* **PROBLEM STATEMENT**
Your response should contain only the lines running from the top of the data below through the line with "Με πιστοποίηση IP68/IP69K/MIL-STD-810H, το", both included. Pictures must be omitted.

* **PROVIDED DATA**

----

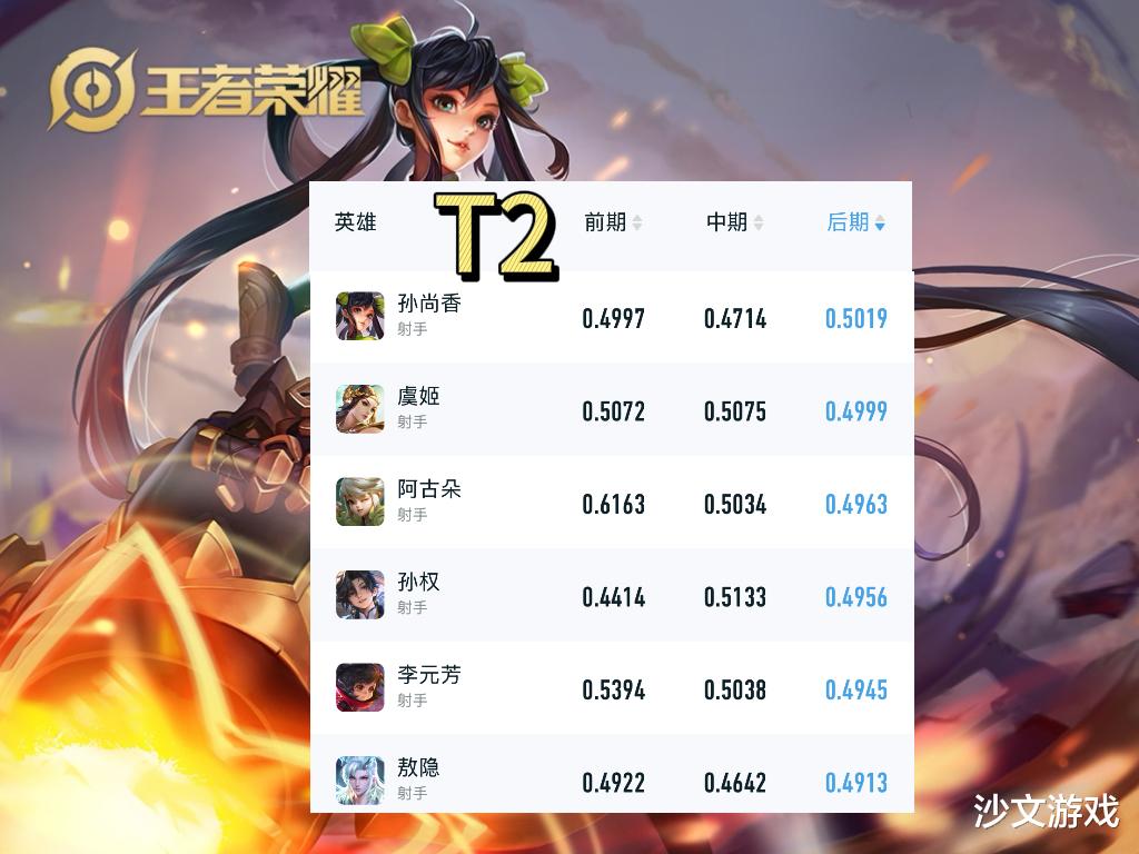 发育路后期强势度T2的英雄有孙尚香、虞姬、阿古朵、孙权、李元芳、敖隐,这些英雄的后期强势指数在0.49%至0.50%之间。
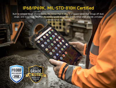 Με πιστοποίηση IP68/IP69K/MIL-STD-810H, το tablet Armor Pad 4 Ultra είναι σχεδιασμένο για να αντέχει σε ακραίες συνθήκες χρήσης και περιβάλλοντα.
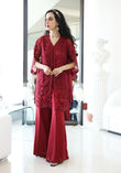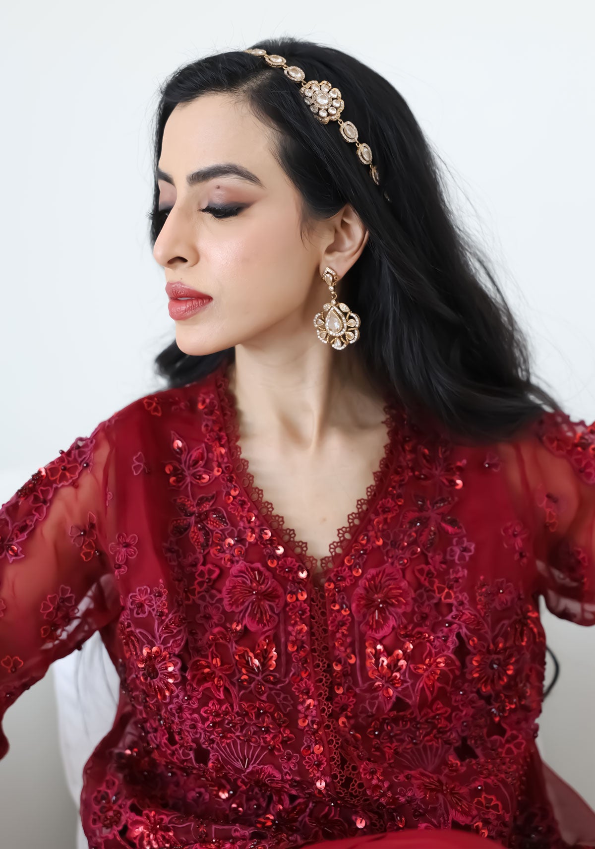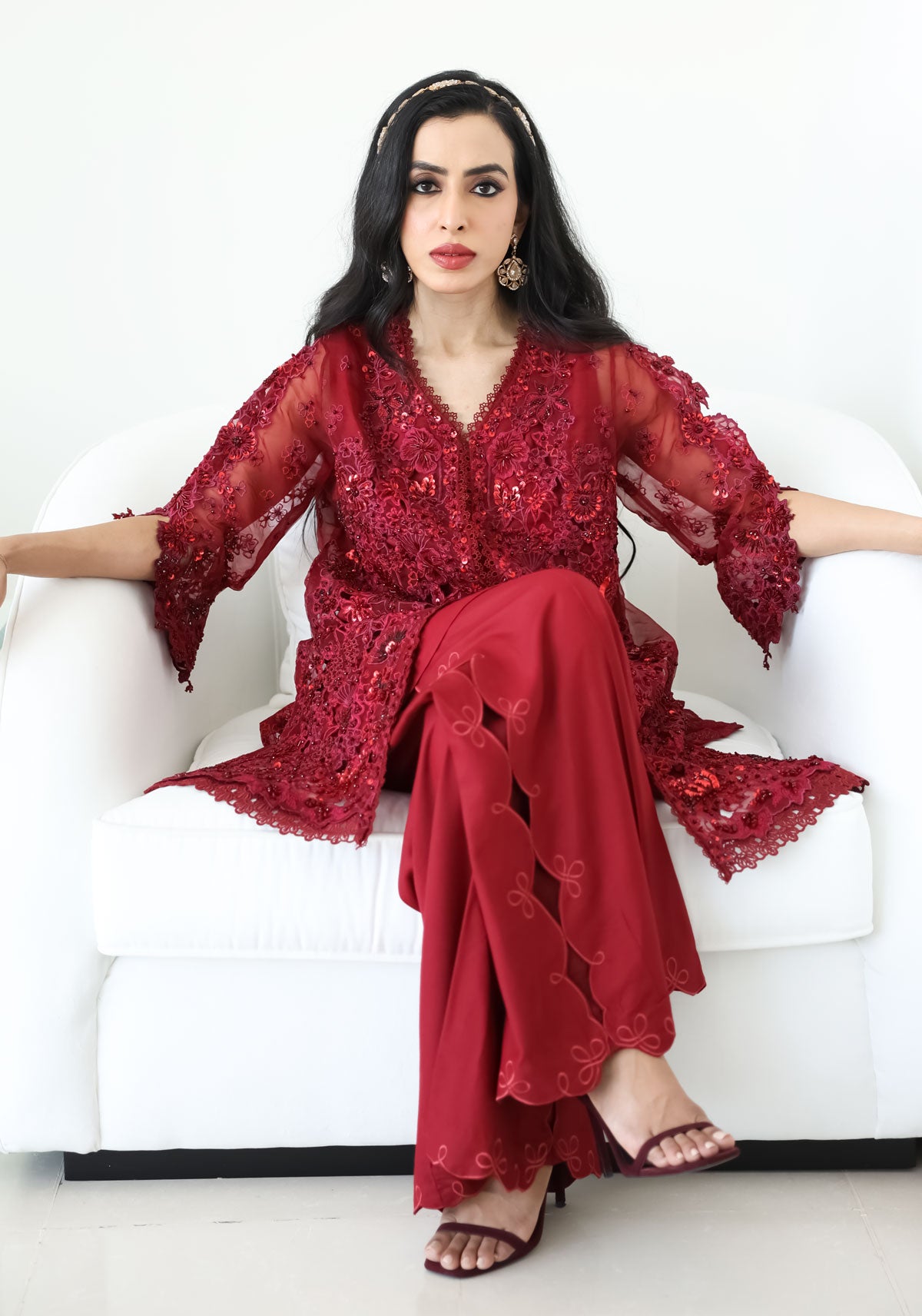 Imbued with refined elegance, this deep red on red dress harnesses grace and finesse. Crafted on organza fabric, the embroidered shirt features a timeless ditsy floral red embroidery with captivating hand work details in hues of red. A sleek organza dupatta and cutwork stitching detail on culottes add the perfect finishing touch to the dress, making this set a versatile addition to your festive wardrobe.

----

* **REPLY**
 发育路后期强势度T2的英雄有孙尚香、虞姬、阿古朵、孙权、李元芳、敖隐,这些英雄的后期强势指数在0.49%至0.50%之间。
 Με πιστοποίηση IP68/IP69K/MIL-STD-810H, το tablet Armor Pad 4 Ultra είναι σχεδιασμένο για να αντέχει σε ακραίες συνθήκες χρήσης και περιβάλλοντα.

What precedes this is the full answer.